Schmerzhafter Prozess

Erst vor zwei Jahren stieg der Unternehmensberater als Gesellschafter in den Großröhrsdorfer Kunststoffbetrieb ein: „Damals stand das Unternehmen vor dem Konkurs.“ Jetzt habe sich der Umsatz bei 200 000 Euro im Monat eingependelt und soll steigen. Der Weg dorthin war schmerzhaft, räumt Miszori ein. Über 20 Mitarbeiter verloren ihren Arbeitsplatz. 54 Leute beschäftigt JM derzeit. Auf dieser Zahl soll sich die Belegschaft vorerst stabilisieren: „Mir ging es in erster Linie darum, den Betrieb nicht ganz sterben zu lassen, sondern neue Dinge zu entwickeln.“ So wird auch in die Großröhrsdorfer Produktion in den kommenden Monaten ein sechsstelliger Betrag fließen.
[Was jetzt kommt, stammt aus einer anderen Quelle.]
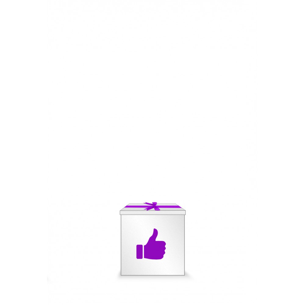 1 piece 50cm by 50cm White Small Gift Box with ribbon and “Thumbs Up” Message outside the box in Purple sticker
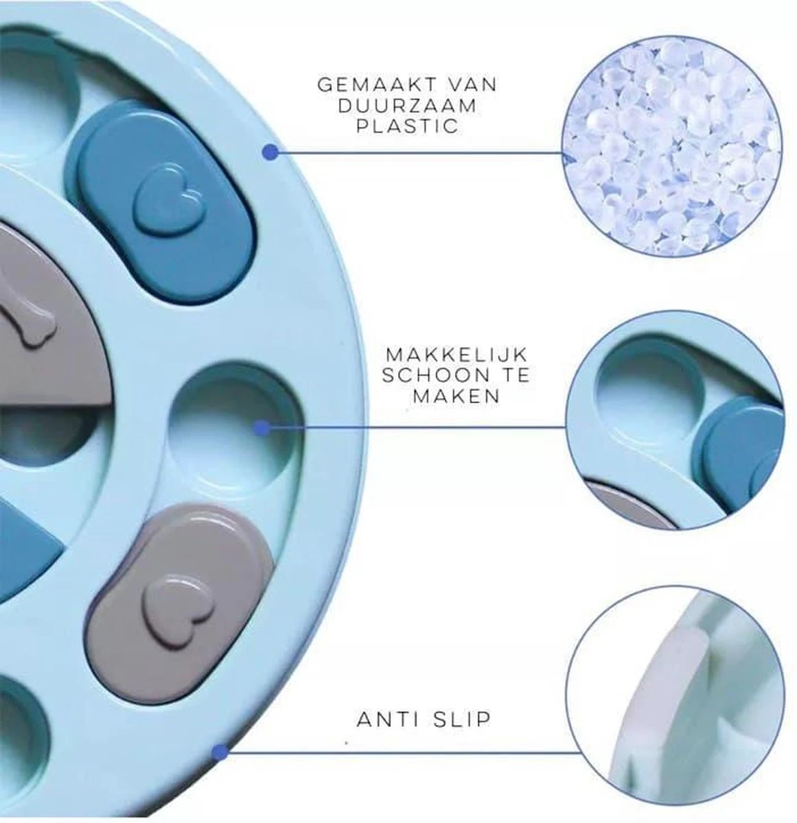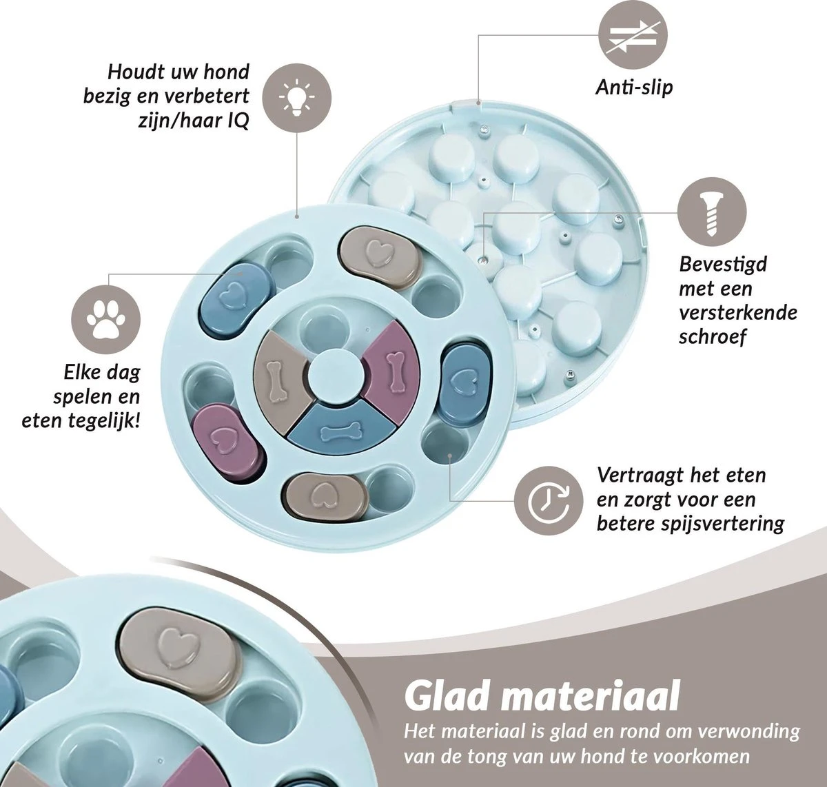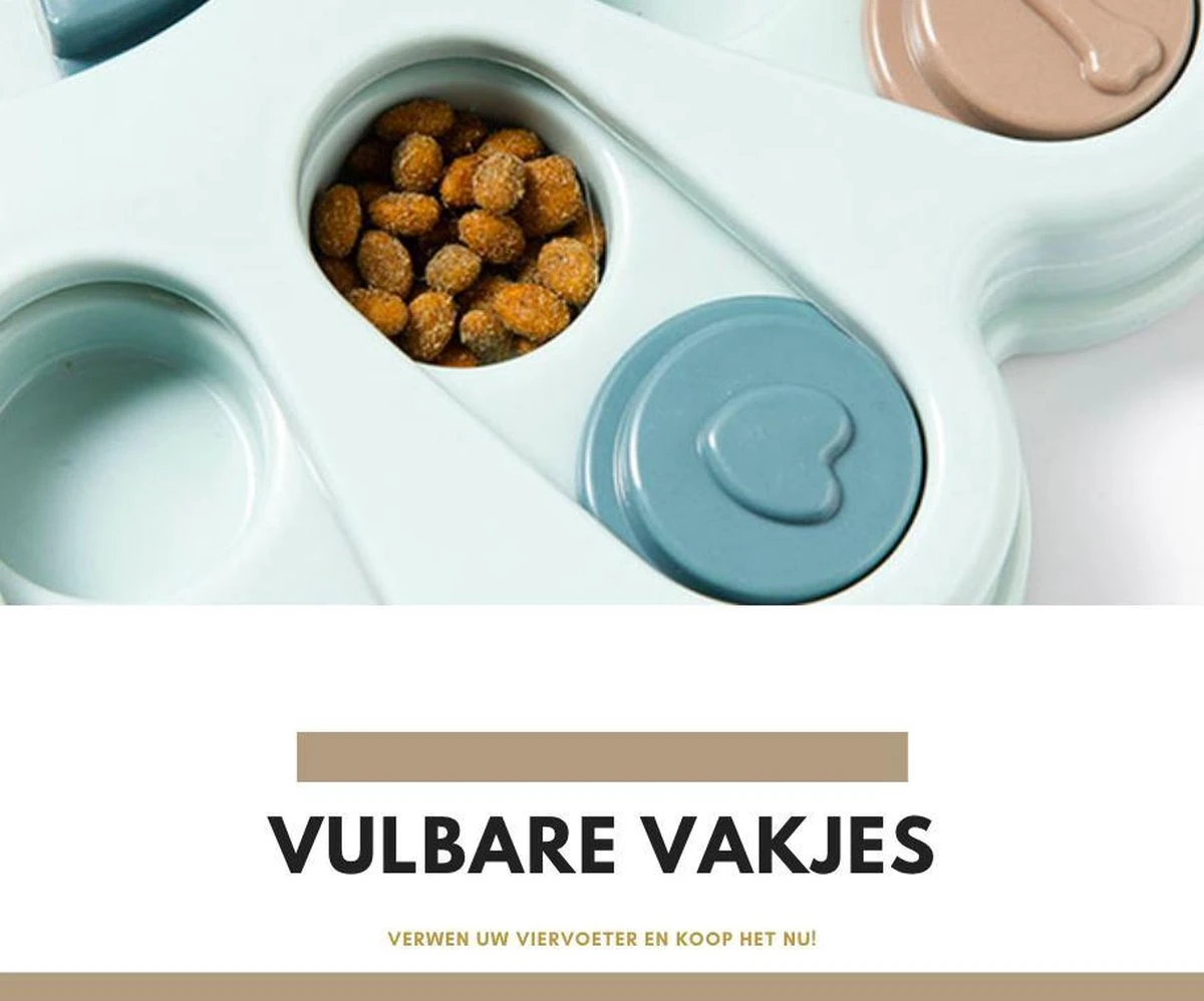 Niet alleen helpt het de intelligentie van uw hond te verhogen, het gaat ook nog eens verveling tegen. Door de knoppen opzij te kunnen schuiven wacht er een beloning en kunnen honden leren ze terwijl ze plezier maken. De hondenpuzzel beschikt over snack vakken en bewegende delen, die uw hond bezig kunnen houden om probleemoplossende vaardigheden te leren, maar ook om uw hond te laten werken voor zijn/haar voeding. Het is ideaal voor de dagelijkse bezigheid maar het voorkomt ook: verstikking, zwaarlijvigheid, winderigheid, overmatig eten en spijsverteringsstoornissen.

Verstärkt will JM künftig Behälter für die Pharmabranche herstellen. Dafür sollen Bedingungen wie in einem Reinraum geschaffen werden. Außerdem will das Unternehmen die Geschäfte mit der Nahrungsmittelindustrie ausbauen und neue Maschinen anschaffen. Damit zum Beispiel die Senfbecher für Bautzen nur so purzeln können.